→ **Problem details**
Take the line that contains "2024 Bowman Chrome" and every line below it to the end of the entries, and give them again exactly, leaving out any pictures.

═══ Given entries

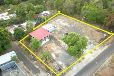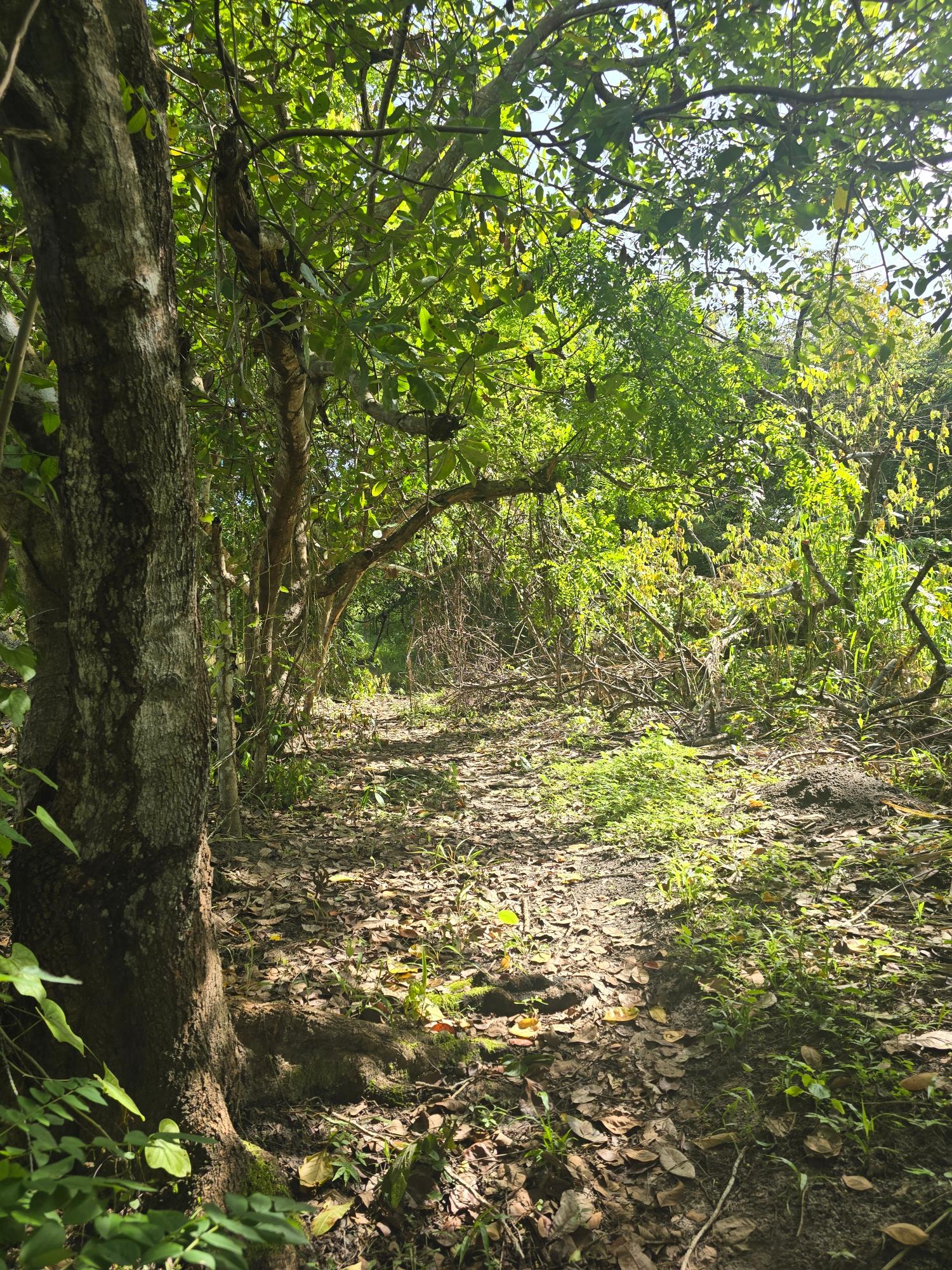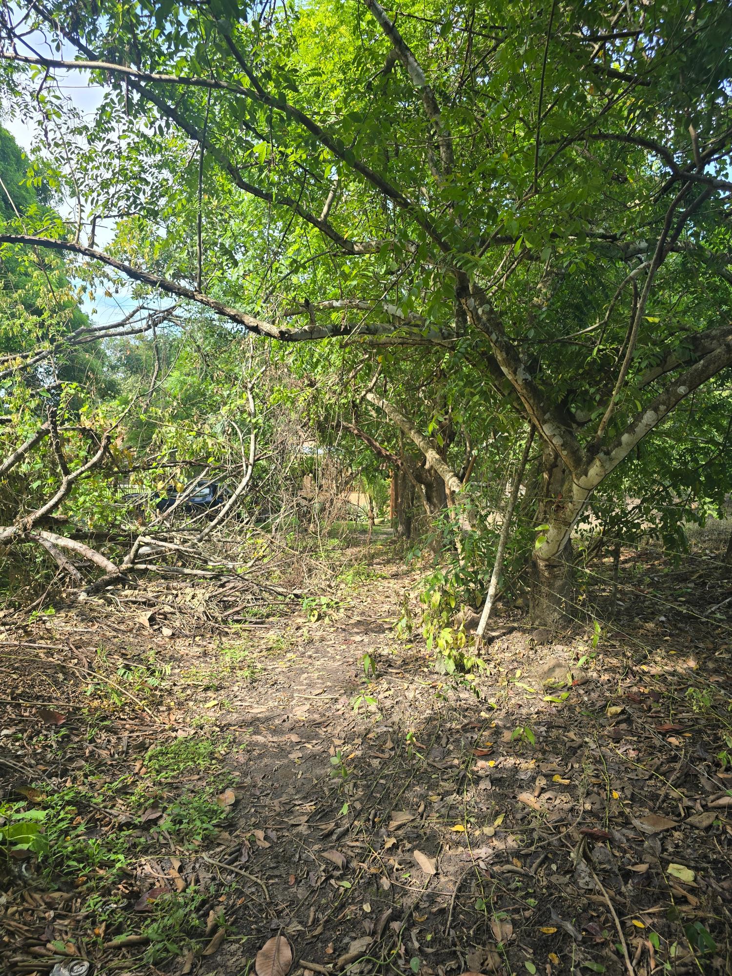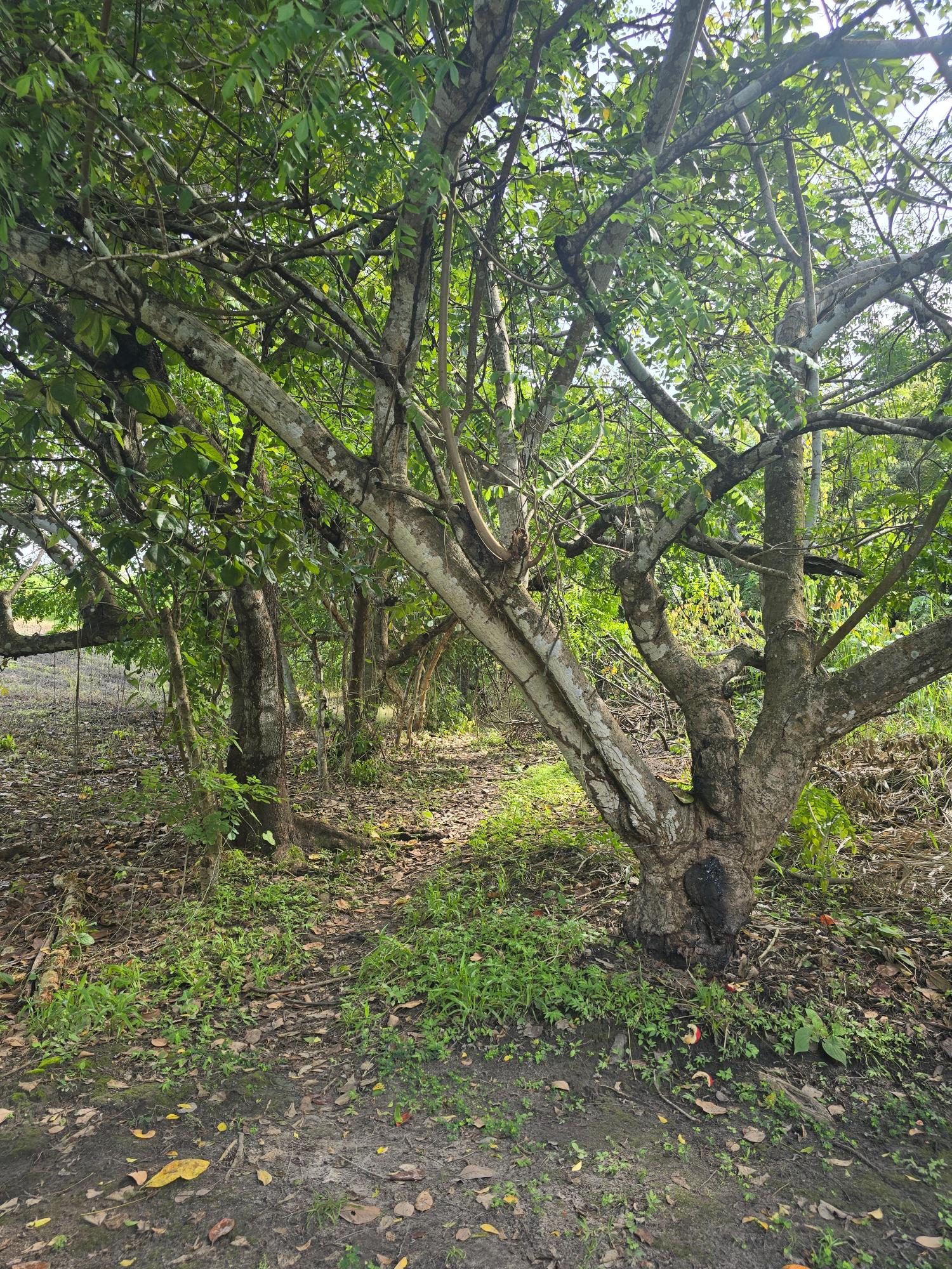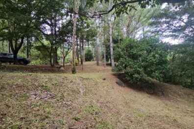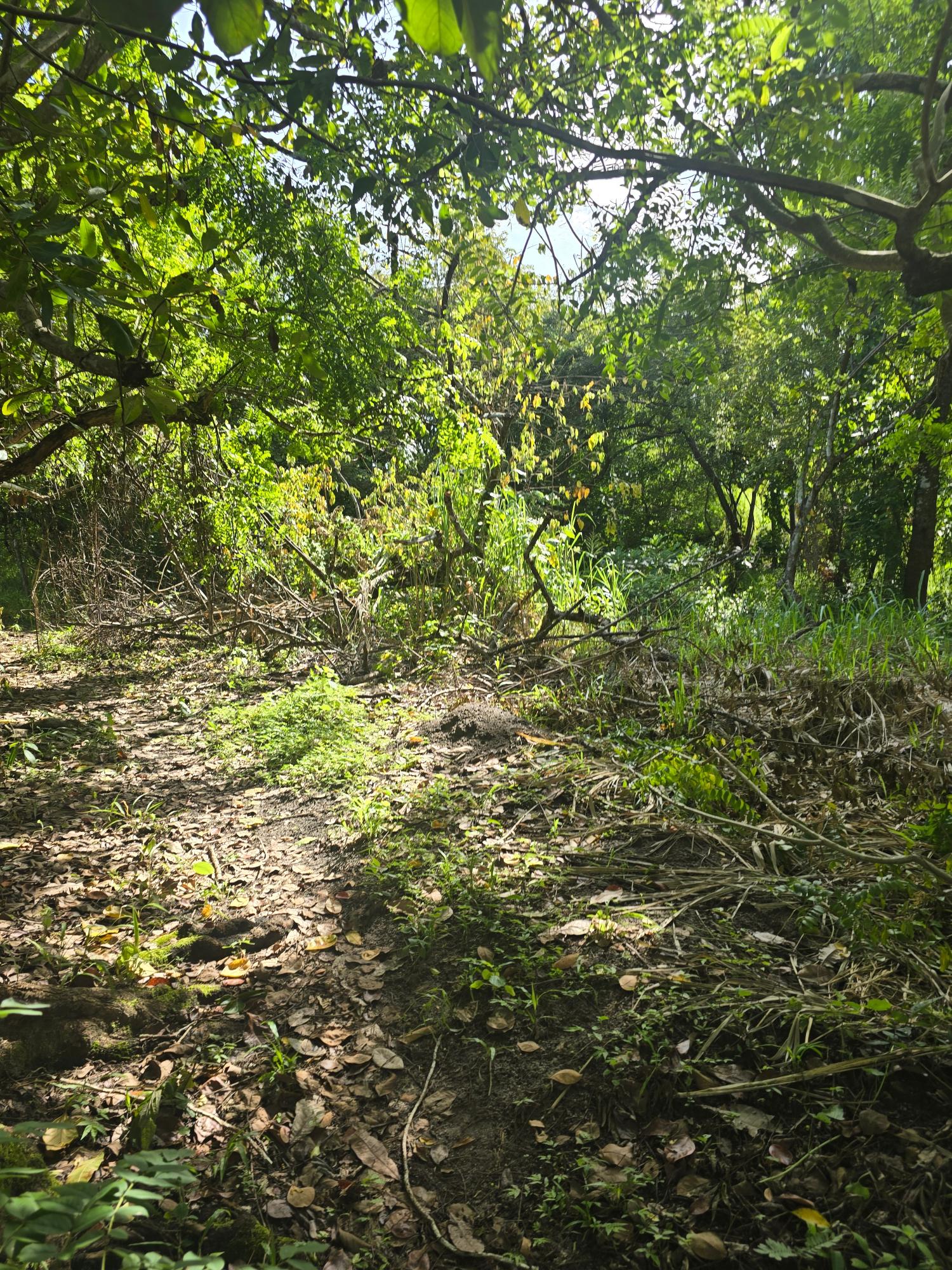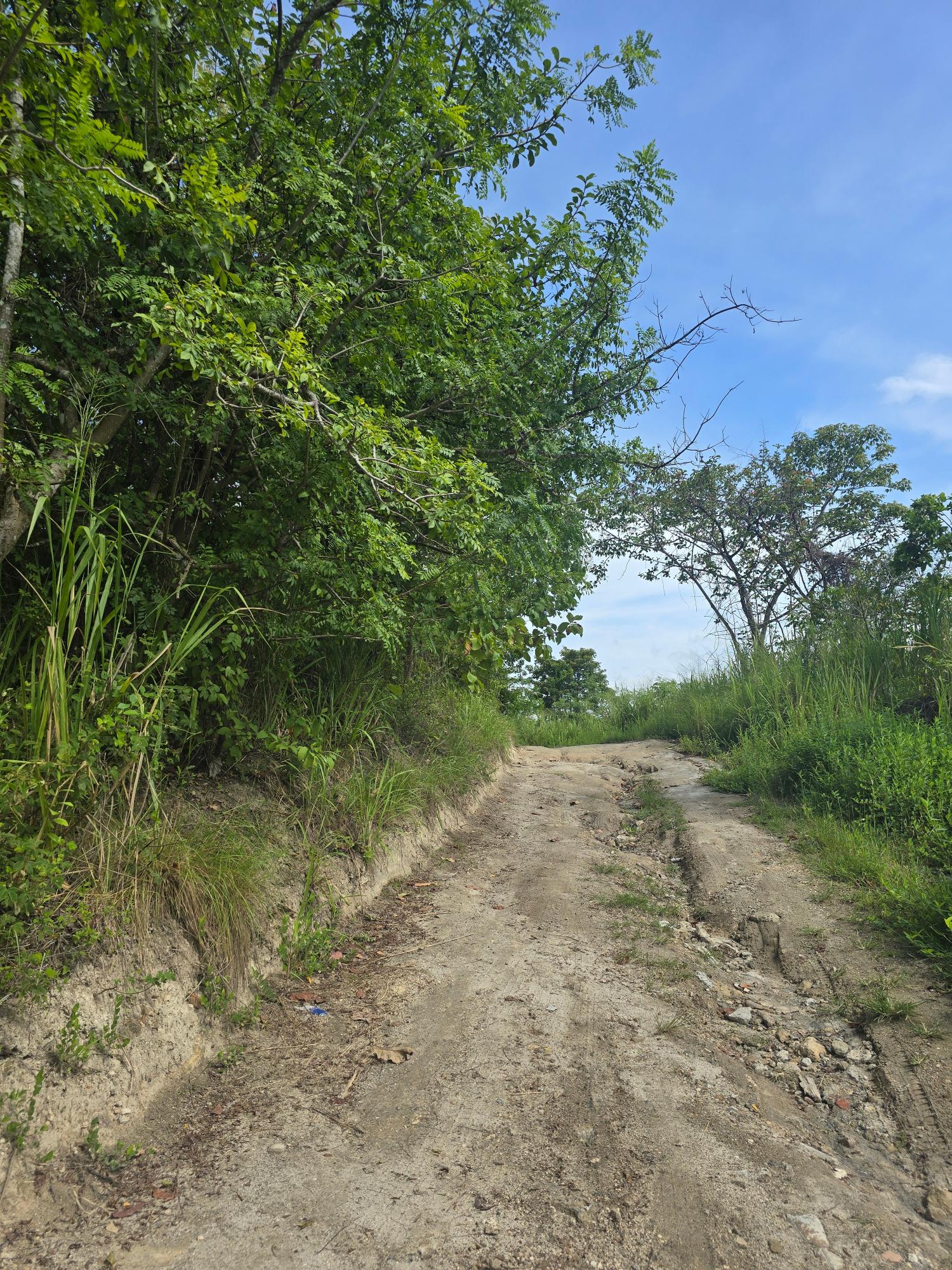 Terreno con vegatación y árboles, con carretera, acceso a tendido eléctrico y agua.
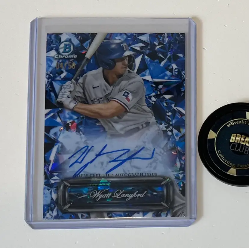 2024 Bowman Chrome Sapphire numbered prospect on card auto. Additional photos available upon request $8 shipping tracked and insured in box
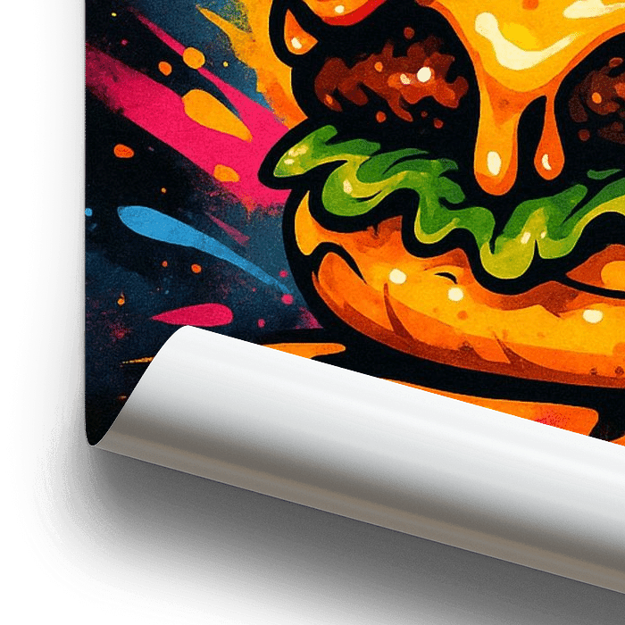 Deze energieke digitale poster is een krachtig eerbetoon aan een van de meest herkenbare symbolen van de moderne eetcultuur: de hamburger. Gepresenteerd in een expressieve pop-artstijl, explodeert het motief letterlijk van kleur, dynamiek en levensvreugde. Sappige paté, gesmolten kaas, knapperige bacon en verse salade zijn hier niet…
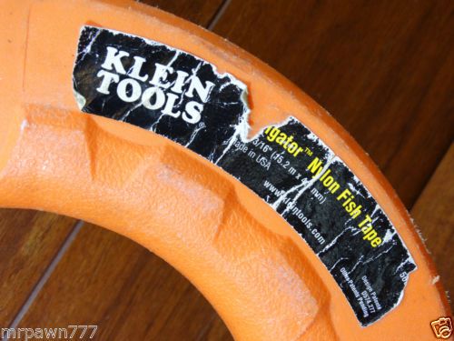 “THIS LISTING IS FOR: KLEIN TOOLS Fish Tape, Nylon, 3/16 Dia x 50 Ft... CONDITION: THIS IS A PRE-OWNED ITEM AND MAY HAVE SOME COSMETIC SINGS OF USE, LIKE SCUFFS & SCRATCHES, BUT OVERALL IT'S IN GOOD FUNCTIONAL SHAPE.... PLEASE SEE PICTURES” |
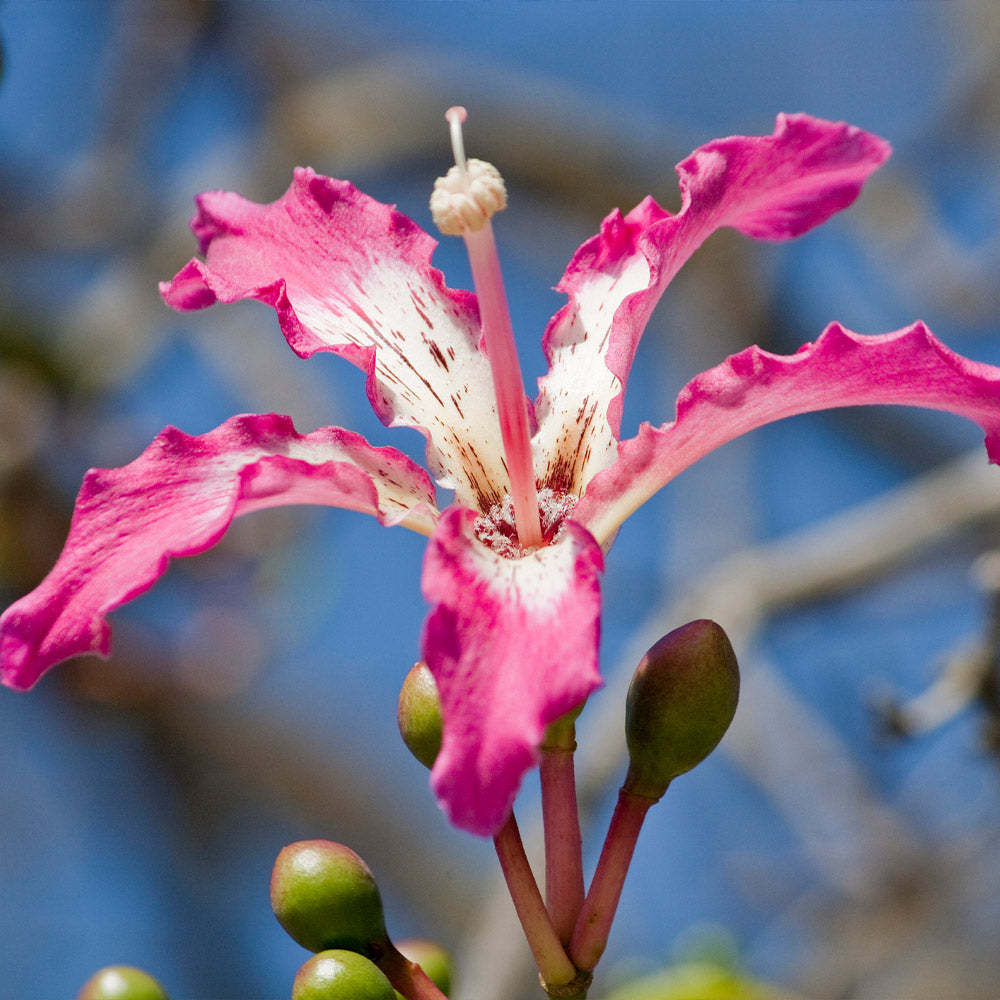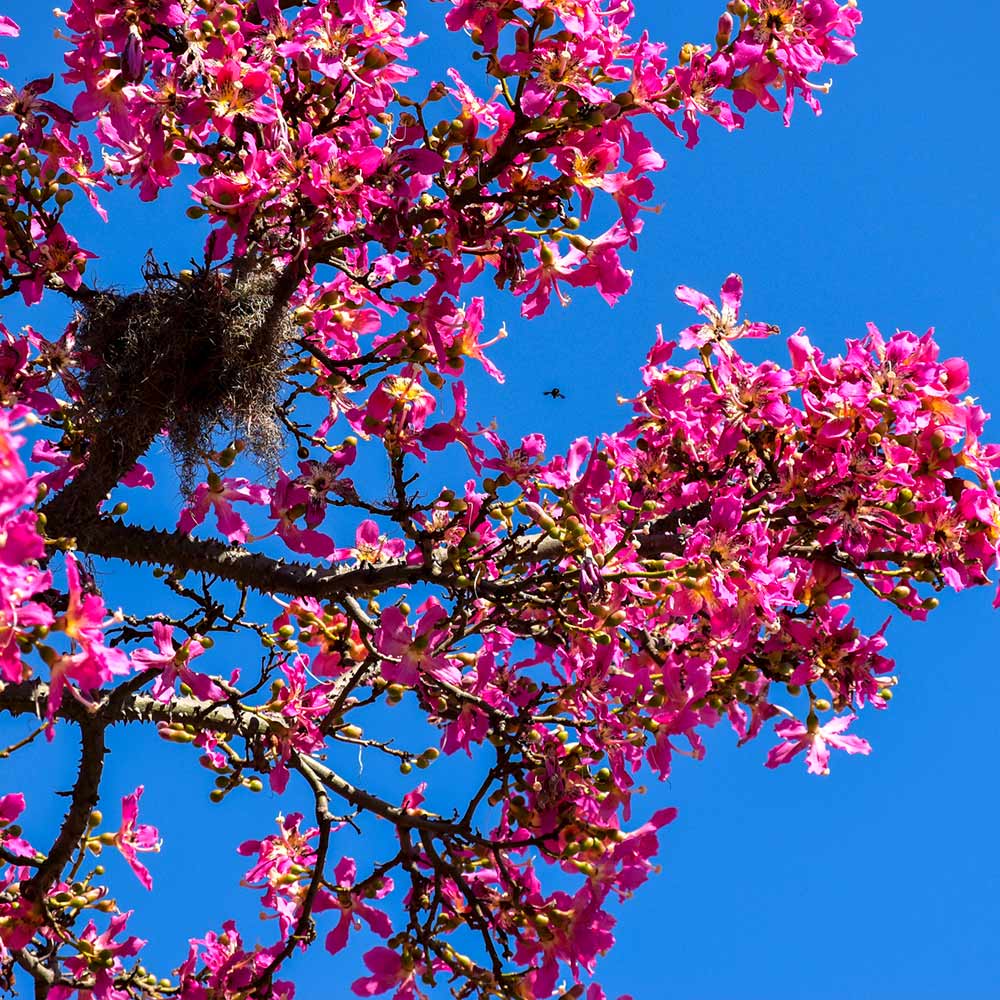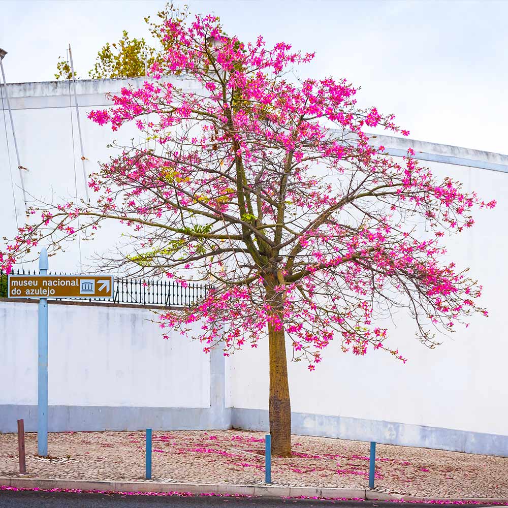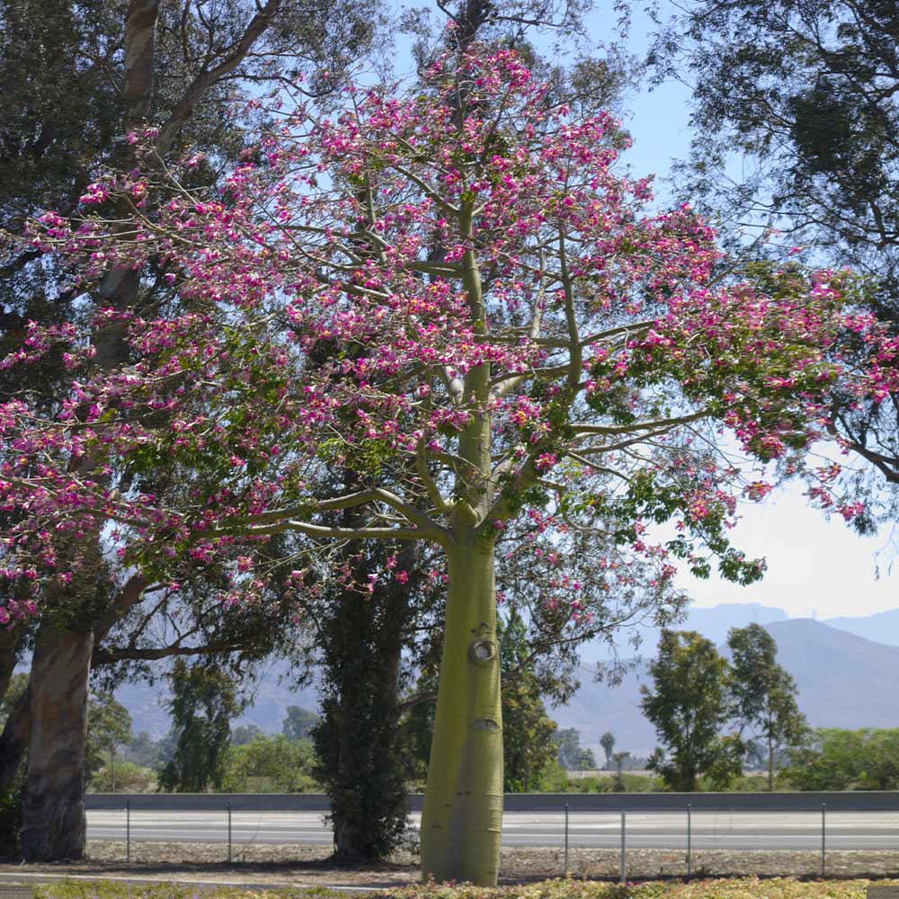 A uniform silhouette sprouts green limbs for a tropical-inspired, ultra-healthy look, making the Pink Silk Floss Tree second to none. But it truly wows with gorgeous, funnel-shaped and Hibiscus-like pink blooms that cover the canopy during the autumn months, from October to November.

══════

→ **Answer area**
 2024 Bowman Chrome Sapphire numbered prospect on card auto. Additional photos available upon request $8 shipping tracked and insured in box
 Deze energieke digitale poster is een krachtig eerbetoon aan een van de meest herkenbare symbolen van de moderne eetcultuur: de hamburger. Gepresenteerd in een expressieve pop-artstijl, explodeert het motief letterlijk van kleur, dynamiek en levensvreugde. Sappige paté, gesmolten kaas, knapperige bacon en verse salade zijn hier niet…
 “THIS LISTING IS FOR: KLEIN TOOLS Fish Tape, Nylon, 3/16 Dia x 50 Ft... CONDITION: THIS IS A PRE-OWNED ITEM AND MAY HAVE SOME COSMETIC SINGS OF USE, LIKE SCUFFS & SCRATCHES, BUT OVERALL IT'S IN GOOD FUNCTIONAL SHAPE.... PLEASE SEE PICTURES” |
 A uniform silhouette sprouts green limbs for a tropical-inspired, ultra-healthy look, making the Pink Silk Floss Tree second to none. But it truly wows with gorgeous, funnel-shaped and Hibiscus-like pink blooms that cover the canopy during the autumn months, from October to November.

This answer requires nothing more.